Work order >>
None of the images should appear in your copy. Transcribe the data in full.

Material provided >>
▬▬▬▬▬▬

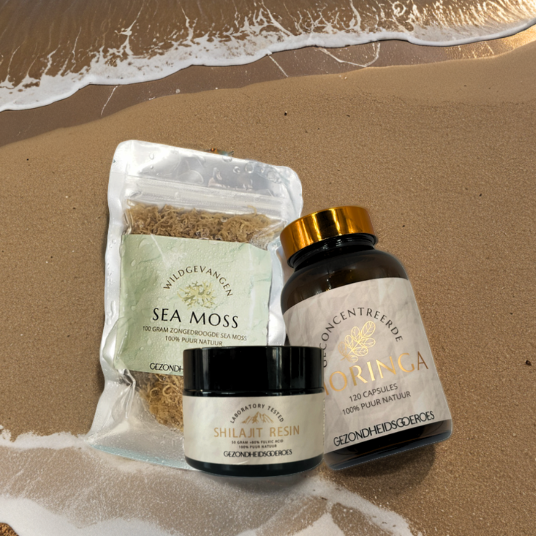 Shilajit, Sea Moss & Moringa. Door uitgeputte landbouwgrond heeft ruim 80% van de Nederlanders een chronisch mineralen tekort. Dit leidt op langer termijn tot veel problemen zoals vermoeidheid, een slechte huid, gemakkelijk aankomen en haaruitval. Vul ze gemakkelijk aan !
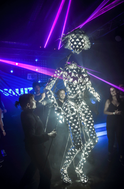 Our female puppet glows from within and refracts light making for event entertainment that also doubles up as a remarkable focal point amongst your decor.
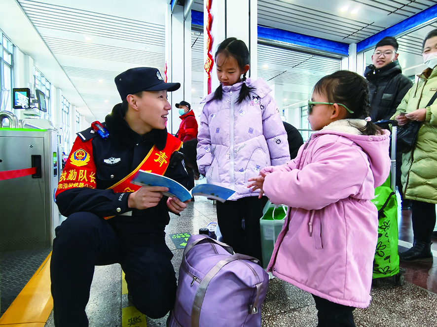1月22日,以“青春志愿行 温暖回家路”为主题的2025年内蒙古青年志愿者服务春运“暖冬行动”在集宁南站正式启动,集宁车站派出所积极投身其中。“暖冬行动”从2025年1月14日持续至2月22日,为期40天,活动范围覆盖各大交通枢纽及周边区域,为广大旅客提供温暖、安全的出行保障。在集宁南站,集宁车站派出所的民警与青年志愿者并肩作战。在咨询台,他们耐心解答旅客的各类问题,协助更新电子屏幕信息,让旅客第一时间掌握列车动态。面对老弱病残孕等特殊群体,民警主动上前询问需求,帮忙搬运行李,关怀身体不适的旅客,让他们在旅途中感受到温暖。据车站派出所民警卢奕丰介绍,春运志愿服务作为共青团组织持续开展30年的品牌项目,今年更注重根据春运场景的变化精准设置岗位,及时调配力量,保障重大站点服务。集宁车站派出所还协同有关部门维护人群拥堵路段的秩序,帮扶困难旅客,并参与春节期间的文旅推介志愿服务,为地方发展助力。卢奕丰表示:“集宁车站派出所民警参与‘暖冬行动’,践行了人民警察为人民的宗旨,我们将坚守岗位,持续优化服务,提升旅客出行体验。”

▬▬▬▬▬▬

Task answer >>
 Shilajit, Sea Moss & Moringa. Door uitgeputte landbouwgrond heeft ruim 80% van de Nederlanders een chronisch mineralen tekort. Dit leidt op langer termijn tot veel problemen zoals vermoeidheid, een slechte huid, gemakkelijk aankomen en haaruitval. Vul ze gemakkelijk aan !
 Our female puppet glows from within and refracts light making for event entertainment that also doubles up as a remarkable focal point amongst your decor.
1月22日,以“青春志愿行 温暖回家路”为主题的2025年内蒙古青年志愿者服务春运“暖冬行动”在集宁南站正式启动,集宁车站派出所积极投身其中。“暖冬行动”从2025年1月14日持续至2月22日,为期40天,活动范围覆盖各大交通枢纽及周边区域,为广大旅客提供温暖、安全的出行保障。在集宁南站,集宁车站派出所的民警与青年志愿者并肩作战。在咨询台,他们耐心解答旅客的各类问题,协助更新电子屏幕信息,让旅客第一时间掌握列车动态。面对老弱病残孕等特殊群体,民警主动上前询问需求,帮忙搬运行李,关怀身体不适的旅客,让他们在旅途中感受到温暖。据车站派出所民警卢奕丰介绍,春运志愿服务作为共青团组织持续开展30年的品牌项目,今年更注重根据春运场景的变化精准设置岗位,及时调配力量,保障重大站点服务。集宁车站派出所还协同有关部门维护人群拥堵路段的秩序,帮扶困难旅客,并参与春节期间的文旅推介志愿服务,为地方发展助力。卢奕丰表示:“集宁车站派出所民警参与‘暖冬行动’,践行了人民警察为人民的宗旨,我们将坚守岗位,持续优化服务,提升旅客出行体验。”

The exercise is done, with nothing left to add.